Mas a cultura de si tem também uma função de luta. A prática de si é concebida como uma luta
permanente, não se trata simplesmente de formar um homem de valor, mas de fornecer as armas
e a coragem para que ele possa combater durante toda a sua vida. Duas metáforas frequentes na
cultura de si: a luta altética no qual devemos vencer os adversários sucessivos; e a metáfora da
guerra, no qual devemos estar organizados como um exército que pode ser atacado a qualquer
momento por um inimigo.
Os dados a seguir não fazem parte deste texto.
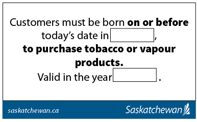 Effective February 1, 2024, the legal age to purchase tobacco and vapour products in Saskatchewan increased from 18 to 19.
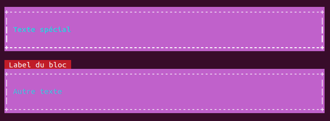 print(TµAnsi::style("<eighties label='Label du bloc'>Autre texte</eighties>"));
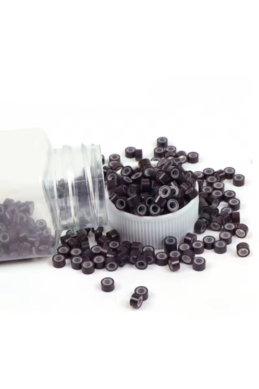 100 Adet Koyu Kahverengi Saç Kaynak Boncuğu Tinsel Takma Boncuğu
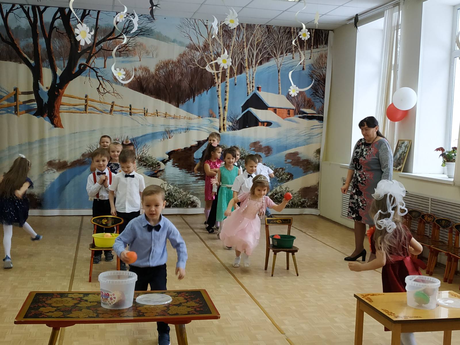 3 и 4 марта в нашем саду традиционно прошли праздники, посвященные Международному женскому дню. В гости к детям пришла вредная Шапокляк и похитила Цветик-семицветик. Дети читали стихи с поздравлением, пели песни, играли в игры, разыгрывали сценки. Праздник Шапокляк понравился, она вернула волшебный цветок и обещала больше не вредничать.
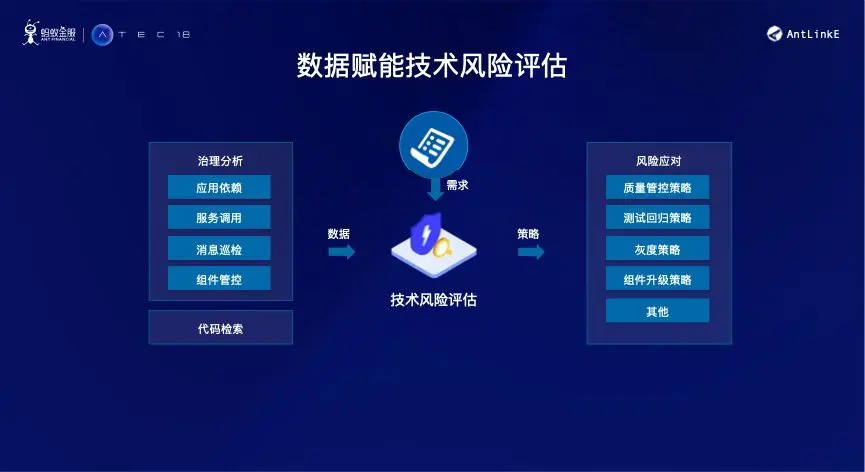毫无疑问,开发事前的技术风险评估是非常重要的。蚂蚁的技术风险评估主要基于两大输入来做:第一是需求输入,第二是治理分析相关数据输入和赋能,后者对我们来说更为重要。开发同学可以非常便捷地获取应用依赖、服务调用、消息巡检、组件管控、代码检索等数据,全面准确地评估变更带来的技术风险,基于这些数据和分析,就轻而易举地确定风险应对策略,做到有效的闭环的反馈。

O grande tema cristão do combate da alma, da luta espiritual da alma,
é um princípio fundamental da cultura de si durante a época do paganismo.
Entretanto, a cultura de si possui uma função terapêutica e curativa. Ela é mais próxima do
modelo medicinal do que o modelo pedagógico. Tornase necessário lembrar que a cultura grega
apresenta as noções de pathos que significa a paixão da alma e também a doença do corpo. De
acordo com os epicuristas, cínicos e estóicos a função principal da filosofia é curar as doenças da
alma. Segundo, Foucault, para compreender a história da subjetividade no Ocidente é importante
conhecer as ligações entre a experiência de si e as práticas medicais em que medida a prática
médica e a experiência íntima de si estão ligadas.
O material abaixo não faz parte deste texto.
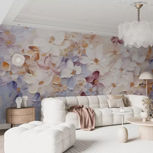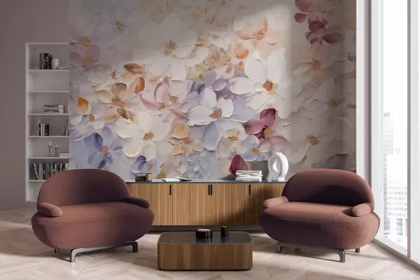 Papel de pared Pintura al óleo imitación de un jardín de flores con flores blancas, rosas y naranjas, pinceladas suaves, colores pastel apagados Nr. w09236
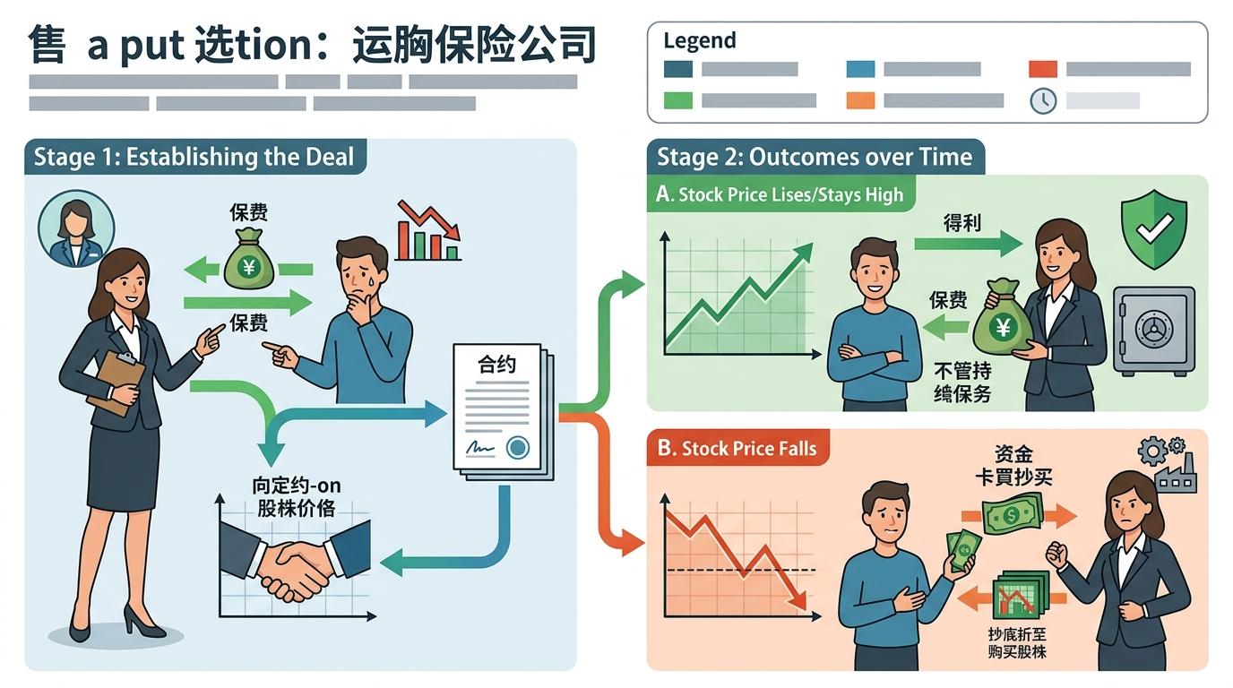 段永平所说的“开保险公司”,其实是价值投资圈里的经典策略——卖出看跌期权(sell put)。用最通俗的话解释:你开了家“股价保险公司”,有人担心某只股票会跌,就给你交一笔“保费”(权利金);你承诺,如果股票跌到约定价格以下,就按约定价把股票买下来。要是股价没跌,这笔保费就归你,不用掏一分钱买股票;要是真跌了,你就用之前谈好的价格接盘,相当于用“打折价”抄底。
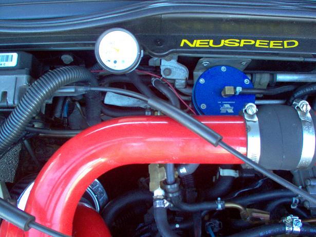i also just got done installing a fuel pressure guage that im going to eventually mount on the hood in a carbon fiber pod, now its just kinda chillin in the engine bay
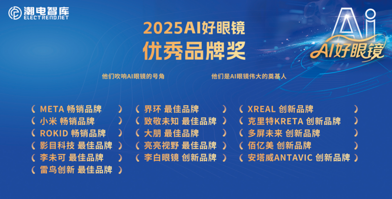 meta(暢銷品牌)、小米(暢銷品牌)、Rokid(暢銷品牌)、影目科技(最佳品牌)、李未可(最佳品牌)、雷鳥創(chuàng)新(最佳品牌)、界環(huán)(最佳品牌)、致敬未知(最佳品牌)、大朋(最佳品牌)、亮亮視野(最佳品牌)、李白眼鏡(創(chuàng)新品牌)、XREAL(創(chuàng)新品牌)、克里特KRETA(創(chuàng)新品牌)、多屏未來(創(chuàng)新品牌)、佰億美(創(chuàng)新品牌)、安塔威(創(chuàng)新品牌)
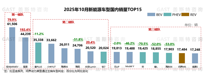 10月,比亞迪在TOP15中占據(jù)8席,仍保持斷層領先,但多數(shù)車型銷量同比出現(xiàn)較大下滑。具體來看,宏光MINI EV:四門版貢獻主要增量,單月銷量超6萬輛,連續(xù)2個月保持同比超75%增長;吉利星愿:2026款新車上市,車型連續(xù)5個月銷量穩(wěn)定在4萬輛以上;小米YU7:產能持續(xù)爬坡,累計訂單加速交付,月銷量突破3.3萬輛;海鷗:受同級競品影響,連續(xù)3個月同比降幅超45%;鈦7:上市首個完整月銷量超2萬輛,成為當前市場唯一銷量突破2萬輛的方盒子SUV;宋:受外部同級競品增多及內部產品分流影響,月銷量排名跌出TOP10。
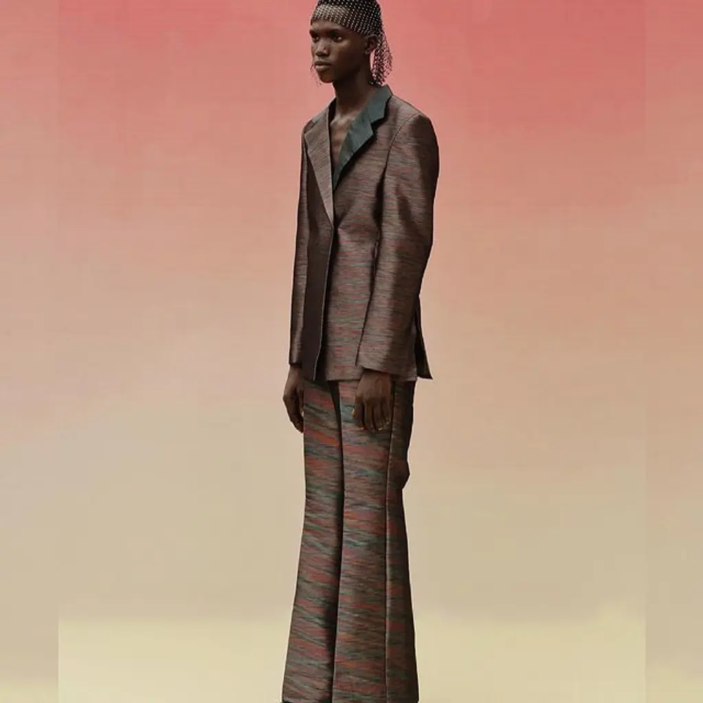 Since it was launched, Orange Culture has continuously pushed against the boundaries and ideals of traditional masculinity in conservative Nigeria through its riotous approach to menswear design. With it has come praise: in 2014, LVMH selected Orange Culture for their Young Fashion Designers Prize, where 1221 designers were whittled down to 29. A year later, Oke-Lawal displayed his designs at the International Fashion Showcase organised by The British Fashion Council during London Fashion Week. And before the likes of Lupita Nyong’o, Chimamanda Adichie and Dua Lipa wore Orange Culture, it had become the first African brand nominated for the Woolmark Prize, where past finalists include Matty Bovan, A‑COLD-WALL* and Bethany Williams.
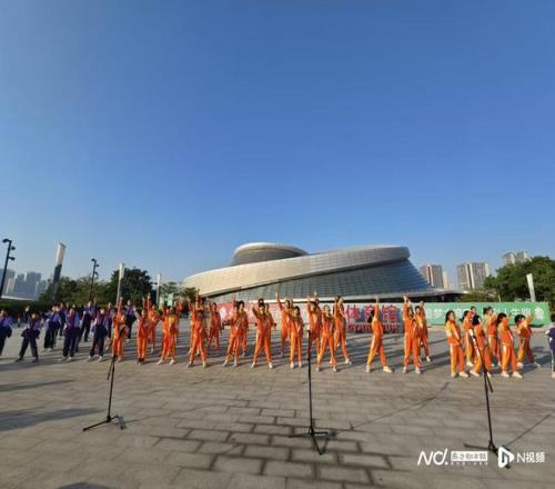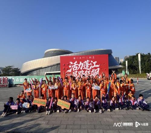 江門市體育中心體育館門前的氛圍點同樣高潮迭起,屢獲各級賽事大獎的范羅岡濱江小學雅范合唱團以純凈童聲唱響粵語版《氣勢如虹》《冬至燒雞》《星辰大?!?,清亮的歌聲成為賽道上最動人的“能量補給”。
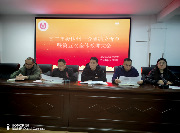 2024年12月20日下午,四川省达州市高级中学高三年级召开达州一诊质量检测成绩分析会,盘存量、找增量、赋能量,从而明方向、优措施、提质量。校党委书记史鸿嘉、校党委副书记、校长刘川、凤翎校区执行校长黄文波、高三年级书记王彦波出席会议,会议由高三年级主任侯晓燕主持,全体高三教师参加会议。
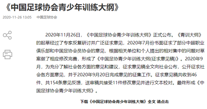 鲁能青训11月26日,《中国足球协会青少年训练大纲》(以下简称《青训大纲》)正式公布。长达121页的文件明确了中国足球的青训发展目标、球员发展理念、比赛理念、训练理念、执教理念以及1v1和无球战术能力是球员发展的基础等。
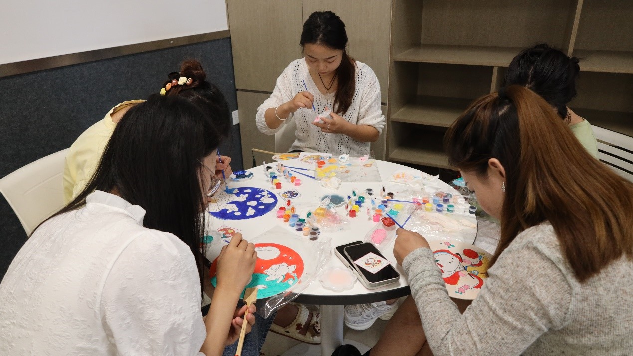 團(tuán)扇,又稱宮扇、紈扇,代表團(tuán)圓友善、吉祥如意。大家沉浸在創(chuàng)造的樂(lè)趣中,精心調(diào)制出自己喜歡的顏色,在團(tuán)扇上自由創(chuàng)作。隨著時(shí)間的遞進(jìn),一柄柄或清新淡雅,或萌動(dòng)有趣、活力四射的團(tuán)扇被創(chuàng)作出來(lái),寧?kù)o美妙的畫(huà)面彰顯了杰士德人對(duì)傳統(tǒng)文化的熱愛(ài),現(xiàn)場(chǎng)氛圍愈發(fā)溫馨而熱烈。

E o último ponto a ser destacado por Foucault é que a cultura de si não consiste apenas em
conselhos abstratos dados por filósofos ou técnicos, a cultura de si não é apenas uma cultura
moral, mas é uma prática plena de atividades, técnicas e ferramentas variadas. Supomos que a
relação de si com a escrita é uma descoberta moderna (uma inovação do século XVI ou da
Reforma). Na verdade, a relação de si com a escrita tem uma longa tradição no Ocidente. E é
possível observar esse deslocamento da cultura da memória (dominante na atividade socrática)
em direção a prática da escrita e da tomada de notas do período grecoromano. A cultura de si
desse período implicava o uso de cadernetas pessoais chamadas hupomnêmata.
Para concluir, Foucault questiona como essa cultura de si ligada à cultura clássica grega
desapareceu tendo voltado na modernidade. Assim, Foucault levanta três hipóteses, o primeiro é
o paradoxo ético do ascetismo cristão, no qual a preocupação de si deve ser tomada como um
sacrifício, uma renúncia de si em prol do trabalho maior que devemos realizar. A segunda
hipótese é que as técnicas de preocupação de si foram integradas as técnicas educacionais ou
pedagógicas sendo, posteriormente, substituídas pelas mídias que atua com um papel formador
de nossa atitude sobre nós mesmos. A terceira hipótese encontrase que as ciências humanas que
a relação maior de preocupação de si deve ser, essencialmente, uma relação de conhecimento.